## BRIEF
From the first line of the data through the line containing "A Total of 235", transcribe each line exactly. Pictures do not belong in the copy.

*** DATA FOR THE TASK

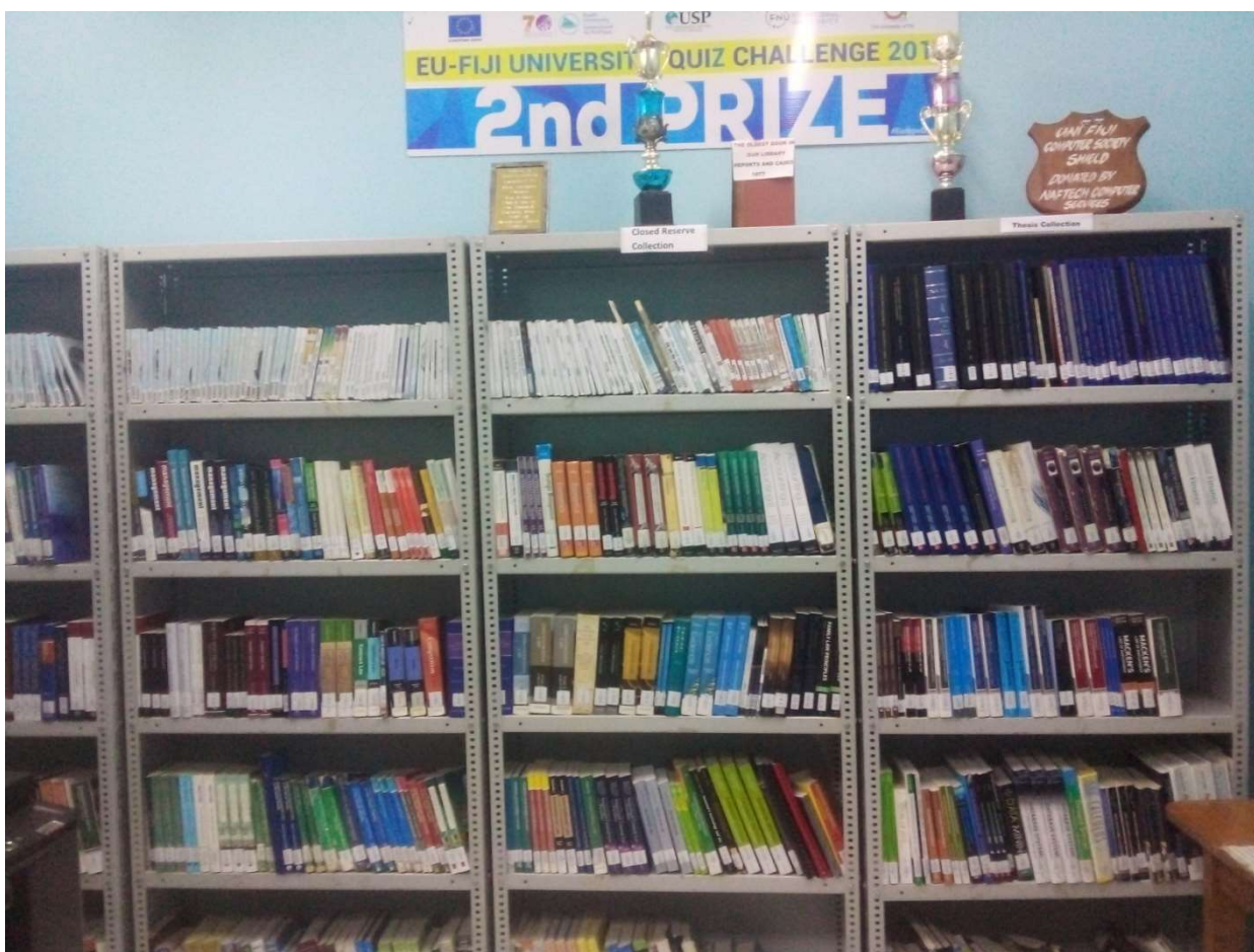
The Closed Reserve Section at the Saweni Campus Library

This allows all the Library users to receive equal opportunity to use the textbooks for their curriculum needs.
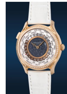
955 Patek Philippe A lady's highly attractive and co... Estimate HK$400,000 — 800,000
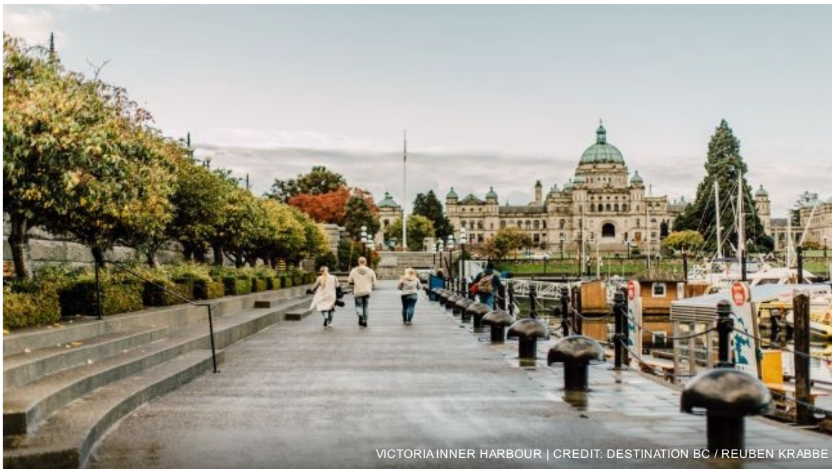
VICTORIA INNER HARBOUR

Overnight in Victoria at the Inn at Laurel Point (or similar)
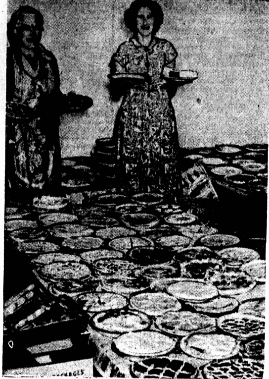
A Total of 235 Pies Were Consumed By Hungry Workers

Barn-raising job on the farm of B. J. McAlpine of Lorneville, Ont., brought 300 farmers out to help with erection of $20,000 structure. The barn, which replaces one ruined last September, is believed to be one of biggest in the province, with floor measurement of 144 feet by 56 feet. While men were working in yard, a few of their wives were busy in kitchen preparing dinner which consisted of 235 pies, 95 loaves of sandwiches, 70 cakes, 75 gallons of tea and several pails of potato salad in evening, undaunted by the day's labors, a barn dance was held to round out the day.
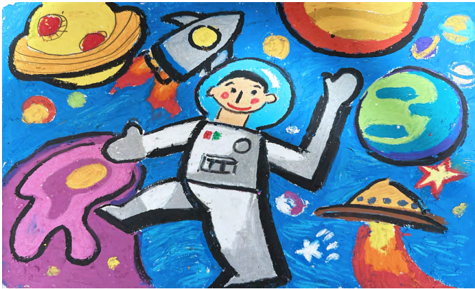
SUEN Yuk Shing (K3A3PM, HG)
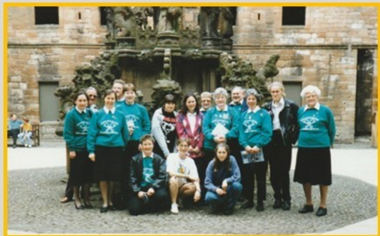
The Saint Wulfram's Handbell Ringers on their German visit in 1987
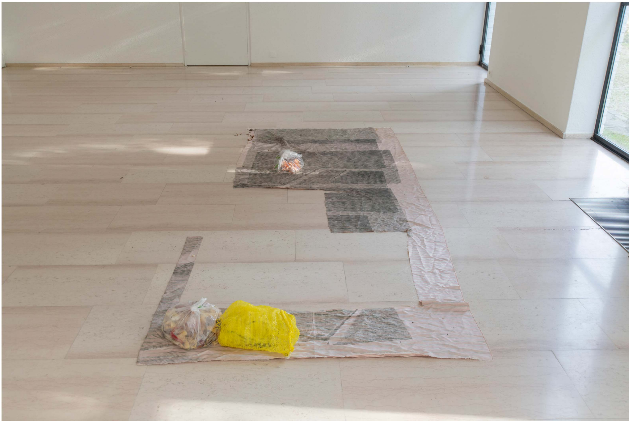
it is part XLII of an assemblage or: the art of noticing, 2023 presentation of 'autumn academy', Museum Dhondt-Dhaenens, Sint-Martens Latem
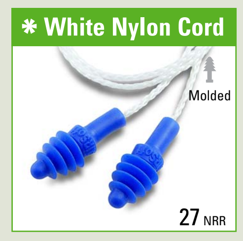
DPAS-30W Flip-Top Box | AS-30W Safety Impact Case
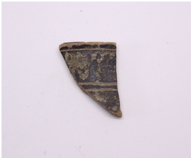
Fig. 4. Fragment of skyphos, AMS 56529

Sl. 4. Ulomak skifa, AMS 56529
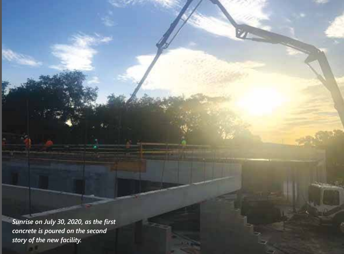
Sunrise on July 30, 2020, as the first concrete is poured on the second story of the new facility.
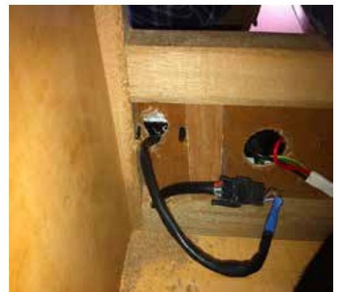
Do-it-yourself butchering? No: this is how wiring was allegedly installed in one brand new RV.

By and large, most RVs have grossly inadequate wiring: some are consequently almost transformed by upgrading the charging and fridge circuits alone.
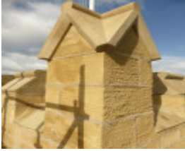
After Photograph - Reference F3866 2016
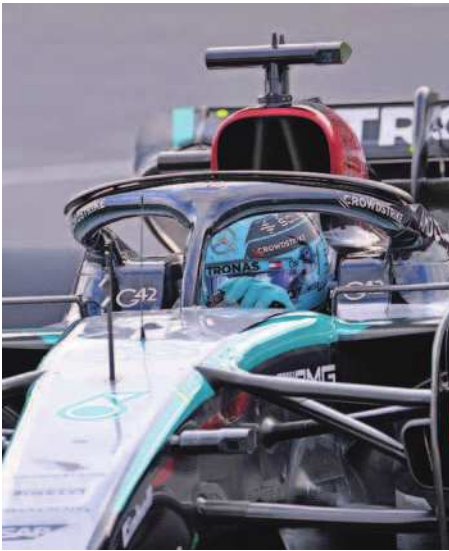
Mercedes driver George Russell races during qualifying for the Canadian Grand Prix on Saturday in Montreal.

Red Bull and Verstappen will not be waving the white flag, however, and the Dutchman showed that his team are
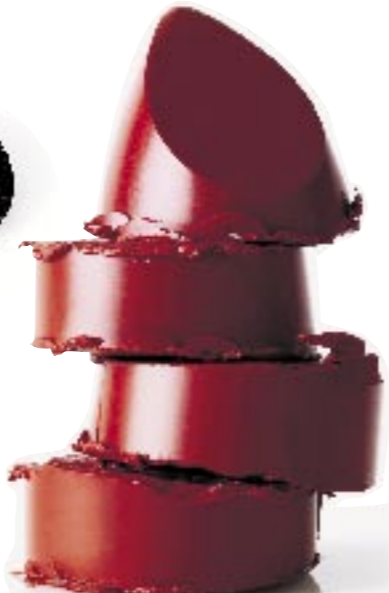
LAURA MERCIER LIP COLOUR IN TRULY RED, £17.62

'Red lips are such an eye-catching statement, they're almost an accessory in themselves, so you'll need to plan your outfit to match your lipstick.'
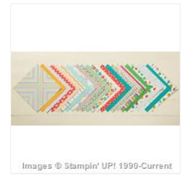
Cherry On Top Designer Series Paper Stack
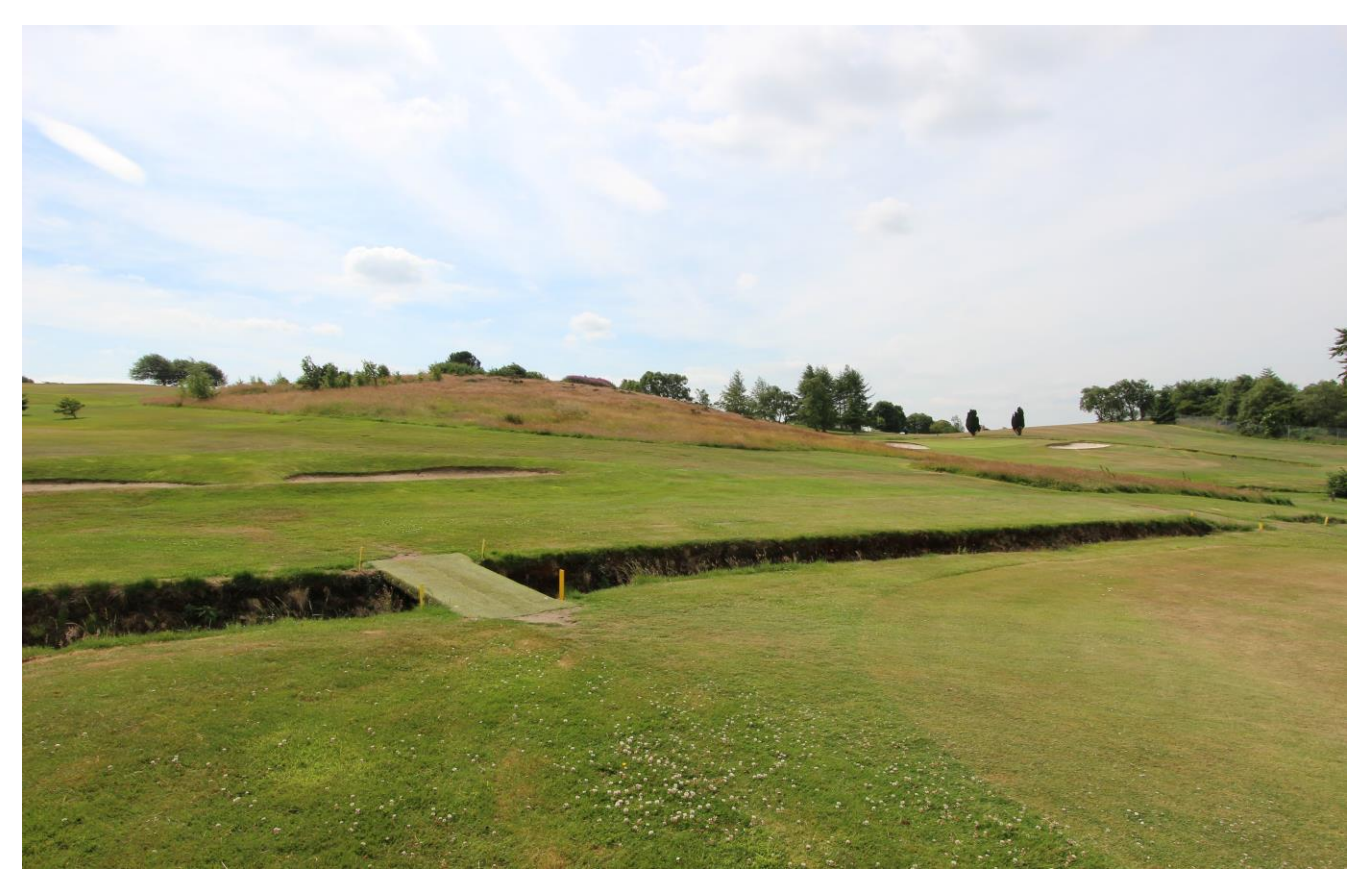
View to golf course from Lot 1
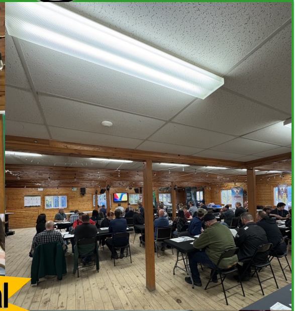
FSANL's 13th Annual Safety Conference
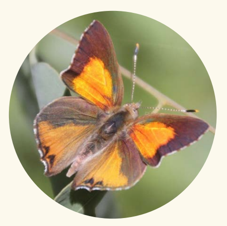
Eltham Copper Butterfly

Can you spot the ants in the illustration on the next page?
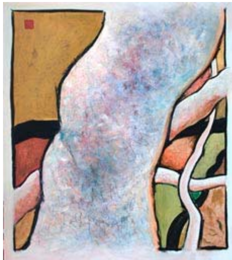
Adrian Gilbert, Forest - Tableau, acrylic and watercolour on hardboard
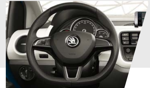
LEATHER MULTIFUNCTION STEERING WHEEL
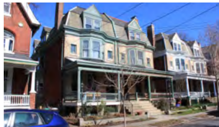
Twin houses on the 4800 block of Windsor Avenue.

Trumbauer began his career by working for the Hewitt Bros. before opening his own office in 1890. He would draw from a wide range of styles, from French to Georgian Revival, for his projects. Trumbauer is also notable for hiring Julian Francis Abele, the first African-American graduate from the Penn's School of Architecture. Trumbauer's more recognizable works are the Philadelphia Museum of Art, the Free Library on Logan Square, and the Irvine Auditorium at Penn.
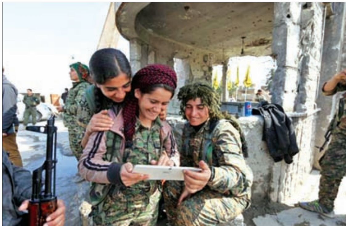
Female fighters from the Democratic Forces of Syria use a tablet in al-Shadadi town, in Hasaka Province, Syria, on 26 February.

“In Damascus and its countryside ... for the first time in years, calm prevails,” Observatory direc-
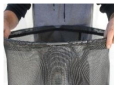
6 Hide the hitch inside the bag.
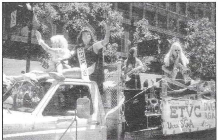
ETVC's "truck 'o' pride" at the 1997 LGBT Pride Parade
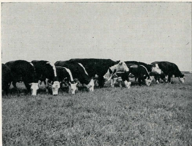
Bromegrass-alfalfa pasture can be expected to yield twice as much forage as bromegrass alone.

vide this nitrogen at almost no expense. Once established, a suitable legume will continue to provide nitrogen for an indefinite period if properly managed.
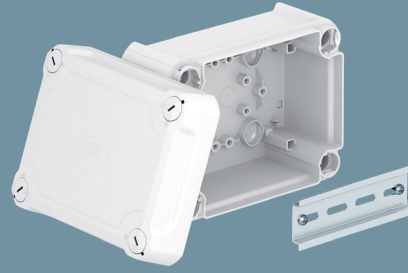
Closed with elevated cover
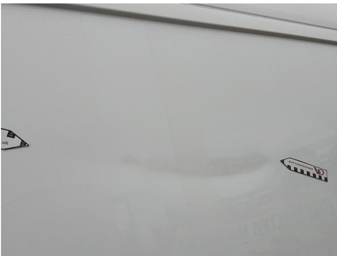
25: Qtr Panel nsr Dented Over 30mm
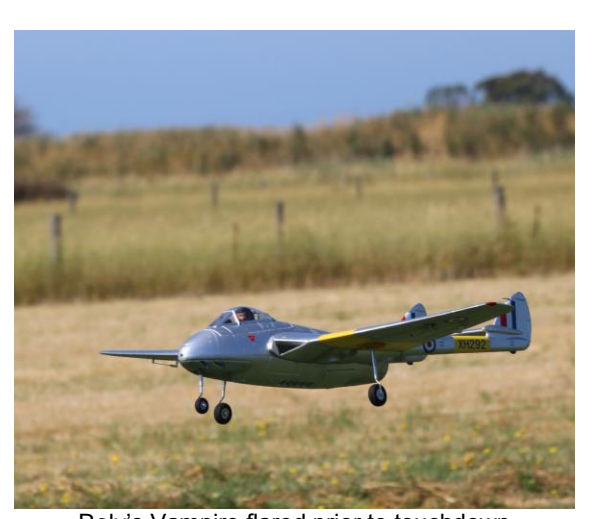
Roly's Vampire flared prior to touchdown
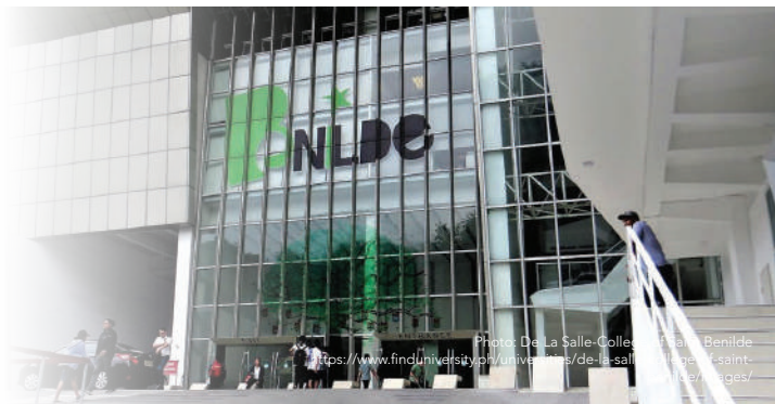
Photo: De La Salle College of Saint Benilde https://www.finduniversity.ph/universities/de-la-salle-college-of-saint-benilde/images/
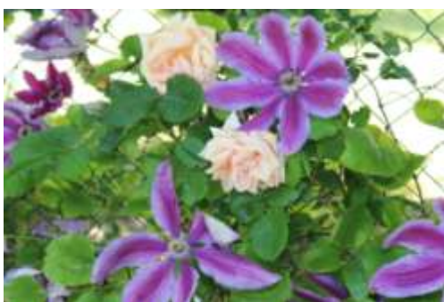
'Paul Lede' - 1913
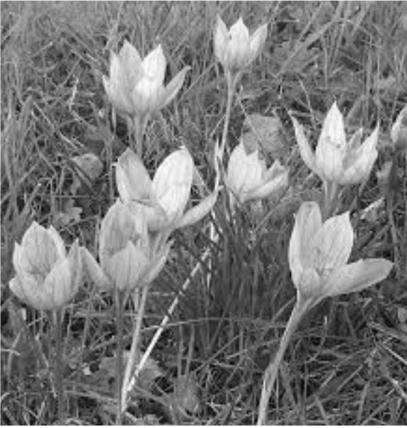
colchicum autumnale (autumn crocus)

I am beginning to clear the vegetable plot, save for a few rows of cavolo nero (just coming back into leaf production after a destructive onslaught by cabbage white caterpillars), spinach beet and leeks. Now is the time to shovel on that well-rotted home-made compost, the food for the soil. In the past the accepted wisdom advocated 'double-digging', the creation of trenches in which to bury the manure or compost. Latterly, the concept of no-dig and been espoused and promoted, by such people as Charles Dowding from Shepton Mallet. In brief: you shovel the compost on top and allow the worms and other soil-dwelling
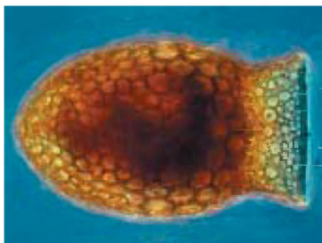
Codonella elongata
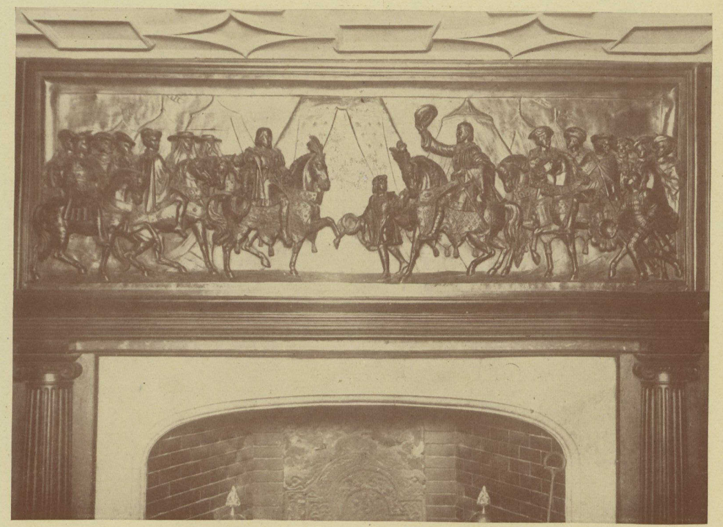
Bronze Tablet "The Field of The Cloth of Gold" Fire Place in Recreation Hall.
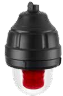
Shown with pendant mount

******

## SOLUTION
The Closed Reserve Section at the Saweni Campus Library

This allows all the Library users to receive equal opportunity to use the textbooks for their curriculum needs.
955 Patek Philippe A lady's highly attractive and co... Estimate HK$400,000 — 800,000
VICTORIA INNER HARBOUR

Overnight in Victoria at the Inn at Laurel Point (or similar)
A Total of 235 Pies Were Consumed By Hungry Workers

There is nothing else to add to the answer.